Как полагается, специальный оратор прочел перед каждой промоцией речь на латинском языке о достоинствах докторантов. Я с интересом выслушал, что являюсь потомком того «Павла, который некогда пришел из далеких стран к реке Кэм», принеся с собой просвещение. После промоции нас одели в примеренные заранее мантии красного бархата и такие же береты и провели торжественной процессией по улицам города. Я, таким образом, получил право ставить при своей фамилии буквы LLD (Legum Doctor) и, если бы дорожил титулами, я мог бы с удовлетворением сопоставить это позднее признание с своим московским обетом – остаться на всю жизнь русским «магистром» и не искать звания «доктора».
Гораздо чувствительнее для меня был банкет, специально устроенный для меня профессорами и «избранной публикой»; на нем произнес приветственную речь Sir Paul Vinogradoff, создавший себе мировое имя лекциями по средневековому праву на Оксфордской кафедре, – после того как он был принужден, одновременно с M. M. Ковалевским и С. А. Муромцевым, уйти из Московского университета от правительственных гонений. Взволнованная речь моего старого учителя и друга как бы восстановляла отношения, испорченные охлаждением дружбы, а потом и расхождением во взглядах (П. Г. был ближе всего к «октябристам»). Меня познакомили с профессорами, в том числе с сыном знаменитого Дарвина. Были налицо и русские свидетели моего торжества.
Перед отъездом из Англии я виделся с престарелым гр. Бенкендорфом – и услышал от него характеристику впечатления, произведенного на союзников назначением Штюрмера вместо Сазонова. Раньше он пользовался безусловным доверием союзников, и ему сообщали всякие секретные сведения. Теперь же, сказал он мне, когда он приходит, от него припрятывают в стол секретные бумаги – и объясняют: «Мы теперь не уверены, что самые большие секреты не проникнут к неприятелю; мы имеем сведения, что эти секреты со времени назначения Штюрмера каким-то путем становятся неприятелю известны». Я не раз потом цитировал это показание нашего посла в Лондоне.
Я, наконец, добрался до Швейцарии и остановился в Лозанне, где у меня были кое-какие связи с старой русской эмиграцией. В этой среде все были уверены, что русское правительство сносится с Германией через своих специальных агентов. На меня посыпался целый букет фактов – достоверных, сомнительных и неправдоподобных: рассортировать их было нелегко. Я получил сведения о русских германофильских салонах, руководимых дамами с видным общественным положением.

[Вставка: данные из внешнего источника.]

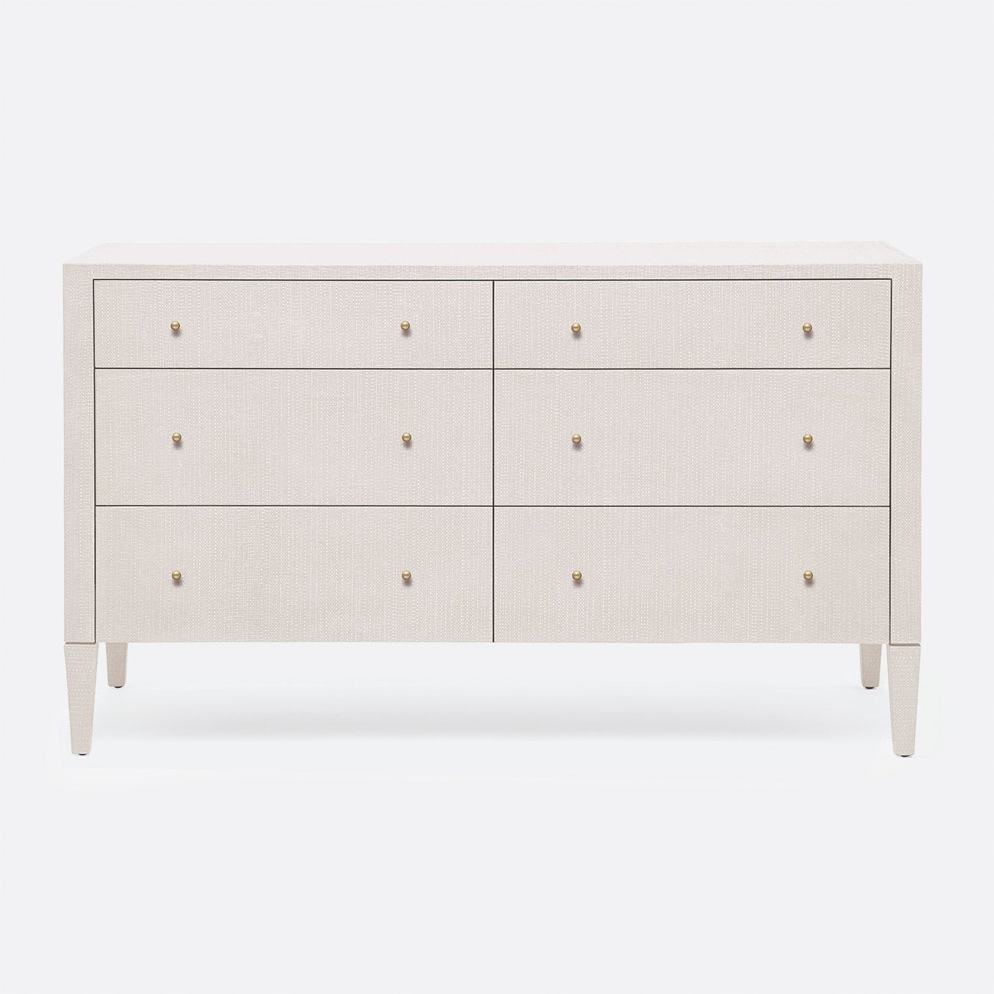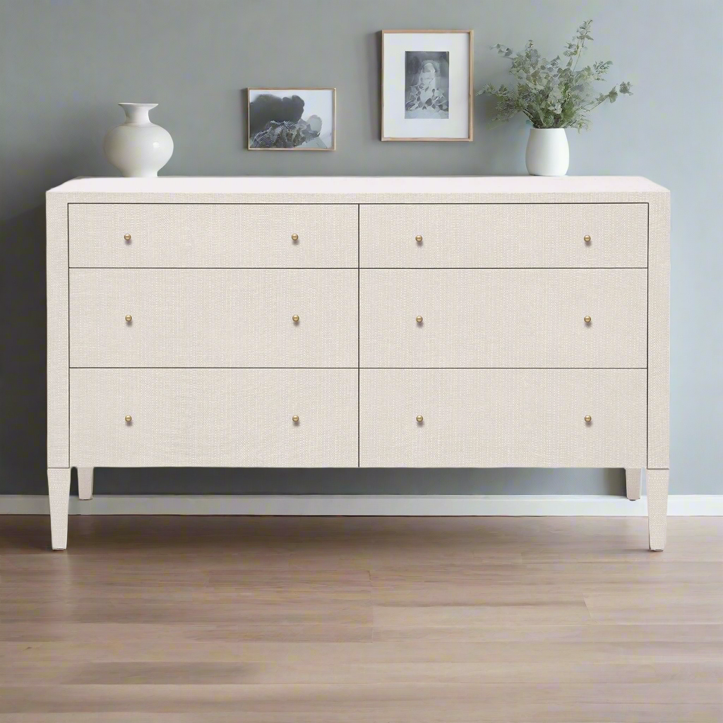 French Gray; Faux Raffia Finish; 6 Drawers; Brass Drawer Pulls

Один из них принадлежал Нарышкиной (которую я смешал с престарелой статс-дамой Е. К. Нарышкиной, приближенной к императрице). Другой, перебравшийся из Италии в Montreux, был особенно интересен тем, что для сношений с ним, как мне говорили, Штюрмер послал специального чиновника, ставшего постоянным посетителем салона, – для наблюдения ли или для посредничества, оставалось неясным. Мне, как представителю к. д., была лично доставлена записка некоего Рея, уличавшая Извольского в германофильстве. Но на обратном пути, в Париже, Извольский, по моей просьбе, навел справку у Бриана, и оказалось, что Рей – лицо, приближенное к Вильгельму. Правда, в семье Извольского гостила родственница его жены, не скрывавшая своих германофильских симпатий и создавшая посольству репутацию германофильского гнезда. С своей стороны, Извольский мне рассказал об участии Манасевича-Мануйлова в попытке подкупить «Новое время» германскими деньгами. Во всем этом, в связи с данными, собранными мной в России, было, повторяю, нелегко разобраться. Часть материала из Швейцарии я все же использовал для своей речи 1 ноября.

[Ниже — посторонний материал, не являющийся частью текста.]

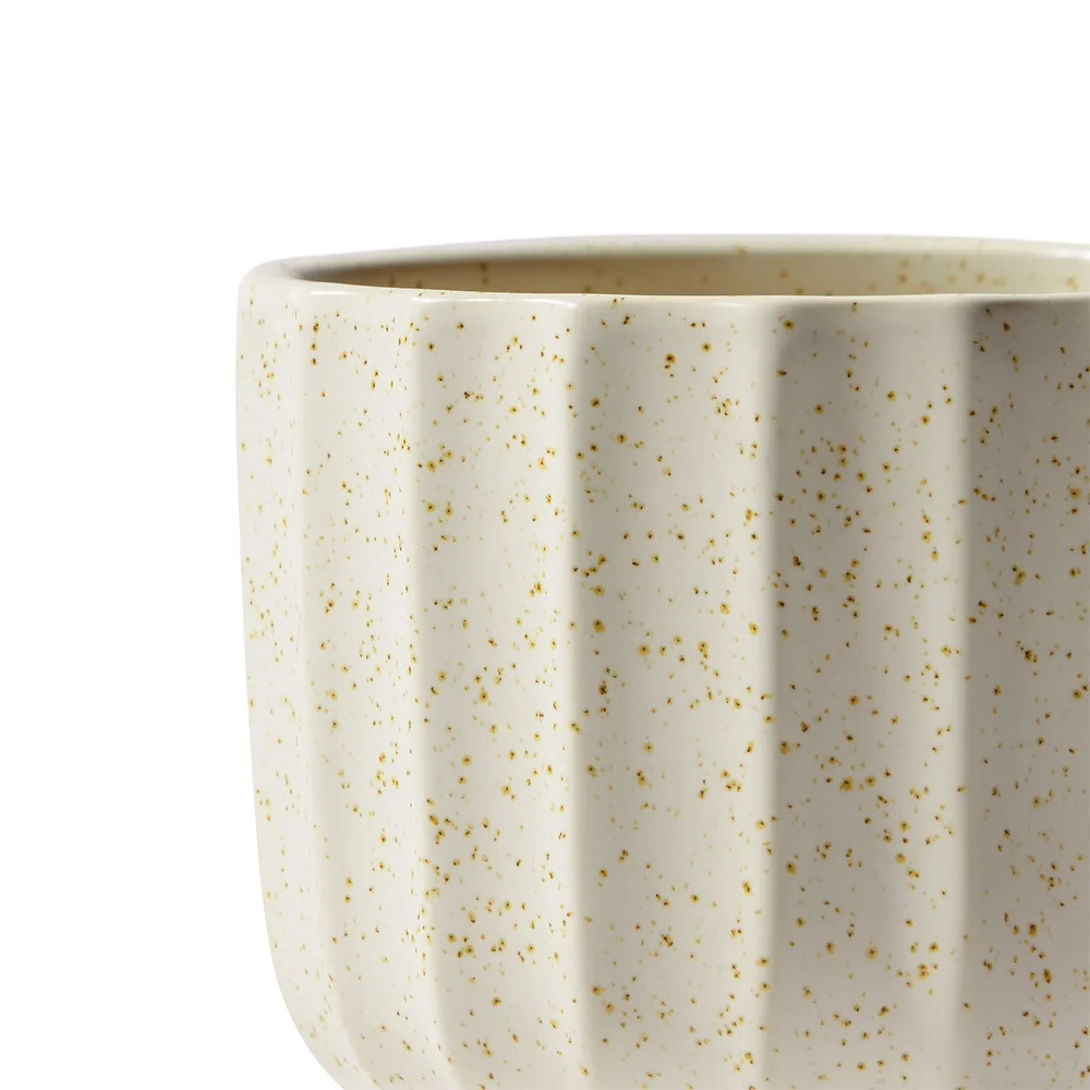 Introducing our versatile 4. 5”H Ceramic Pot, a charming addition to your indoor greenery. Crafted from durable ceramic in a soothing cream white hue, this pot boasts a soft smooth finish that adds a touch of elegance to any space. Featuring a unique vertical ribbed texture and delicate dotted speckles, it exudes understated sophistication while complementing various dr styles seamlessly. Whether displaying vibrant flowers, lush plants, or standing alone as a drative accent, this timeless piece elevates your home decor effortlessly. Rest assured, its sturdy and well-made construction ensures stability and prevents tilting. Enhance your living space with this stylish and functional ceramic pot that brings natural beauty indoors.

На обратном пути я остановился в Христиании для прочтения лекций. Тема, мне заданная, была характеристика «русской души». В славянофильском понимании эта тема противоречила моим взглядам, и мне предстояло, начав с критики популярного понимания этого ходячего за границей термина, сосредоточить внимание слушателей на главном органе русского национального самосознания, т. е. на русской интеллигенции. Я изложил историю развития этого национального «чувствилища». Аудитория была полна, публика «избранная», сочувствие – несомненное. Мы остались друг другом довольны[39]. Я на этот раз пополнил свое представление о Норвегии, попросив сына известного писателя Arne Garborg’a дать мне несколько уроков норвежского языка. Я узнал, что, после отделения от Швеции, норвежский литературный язык быстро приближается от влияния придворных слоев и высшего класса к народным низам, т. е. переходит от литературного датского к мужицкому шведскому, мне известному. Это еще укрепило мои симпатии к демократической стране.
10. Перед развязкой
Я потратил на эту вторую поездку август и часть сентября. Первым вопросом при возвращении был, естественно: опоздал я или не опоздал к тому, что за это время происходило в России? Ответ был двоякий. К тому, как описано выше внутреннее положение России, я не опоздал. Оно по существу не изменилось, и к описанному мне почти нечего прибавить. Но я, несомненно, опоздал в другом отношении. Все, что было раньше известно более или менее тесному кругу посвященных, сделалось за это время достоянием широких кругов публики и рядового обывателя. Соответственно поднимался и барометр внутреннего настроения. Оно еще не выразилось в каких-либо драстических формах и не отлилось в определенные политические планы и перспективы. Слово по-прежнему принадлежало Государственной Думе и общественным организациям. Но от той и от других уже ждали, с возраставшим нетерпением, нового слова. Предстояло решить, в чем оно должно будет заключаться. Срок для ответа был определенный. Дума должна была собраться и заговорить 1 ноября. Было a priori ясно, что тон разговора будет теперь иной, нежели в летней сессии мая-июня.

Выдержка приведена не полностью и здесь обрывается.